▸ The task:
Your copy should contain exactly the lines from the start of the material through the line containing "在好腰蘇木草地驗證點,子課題", and no pictures.

▸ Data below:
*** Block opens ***

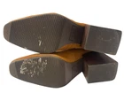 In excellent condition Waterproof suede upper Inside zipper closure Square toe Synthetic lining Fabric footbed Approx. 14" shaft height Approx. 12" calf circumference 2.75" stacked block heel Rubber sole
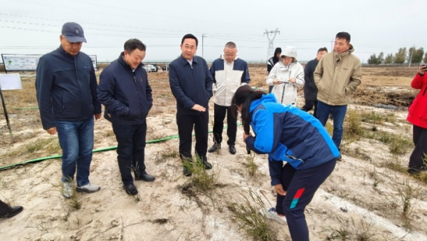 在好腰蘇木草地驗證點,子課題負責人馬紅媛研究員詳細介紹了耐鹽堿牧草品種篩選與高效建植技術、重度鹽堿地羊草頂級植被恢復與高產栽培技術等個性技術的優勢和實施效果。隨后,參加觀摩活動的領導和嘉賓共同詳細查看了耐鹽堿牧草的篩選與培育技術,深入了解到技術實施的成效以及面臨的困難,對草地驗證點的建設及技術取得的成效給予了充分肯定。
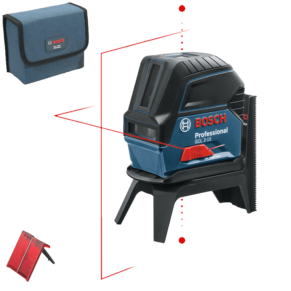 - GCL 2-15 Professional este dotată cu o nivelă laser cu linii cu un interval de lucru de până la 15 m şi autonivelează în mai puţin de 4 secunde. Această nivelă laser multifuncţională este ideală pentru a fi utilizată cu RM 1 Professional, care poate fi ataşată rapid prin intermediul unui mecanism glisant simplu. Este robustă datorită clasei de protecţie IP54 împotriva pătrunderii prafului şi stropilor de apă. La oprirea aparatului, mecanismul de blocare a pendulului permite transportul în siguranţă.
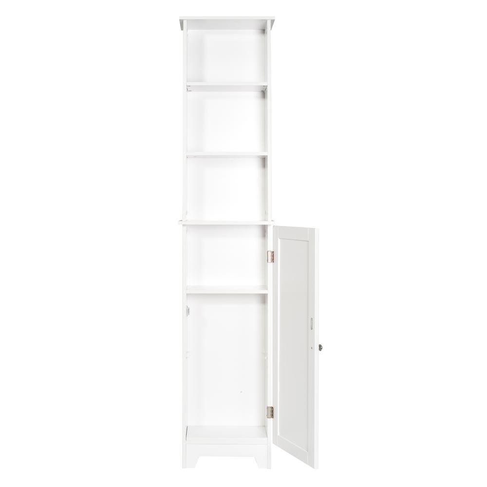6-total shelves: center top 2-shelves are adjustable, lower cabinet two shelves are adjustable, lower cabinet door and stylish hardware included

*** Block closes ***

▸ Answer for the task:
 In excellent condition Waterproof suede upper Inside zipper closure Square toe Synthetic lining Fabric footbed Approx. 14" shaft height Approx. 12" calf circumference 2.75" stacked block heel Rubber sole
 在好腰蘇木草地驗證點,子課題負責人馬紅媛研究員詳細介紹了耐鹽堿牧草品種篩選與高效建植技術、重度鹽堿地羊草頂級植被恢復與高產栽培技術等個性技術的優勢和實施效果。隨后,參加觀摩活動的領導和嘉賓共同詳細查看了耐鹽堿牧草的篩選與培育技術,深入了解到技術實施的成效以及面臨的困難,對草地驗證點的建設及技術取得的成效給予了充分肯定。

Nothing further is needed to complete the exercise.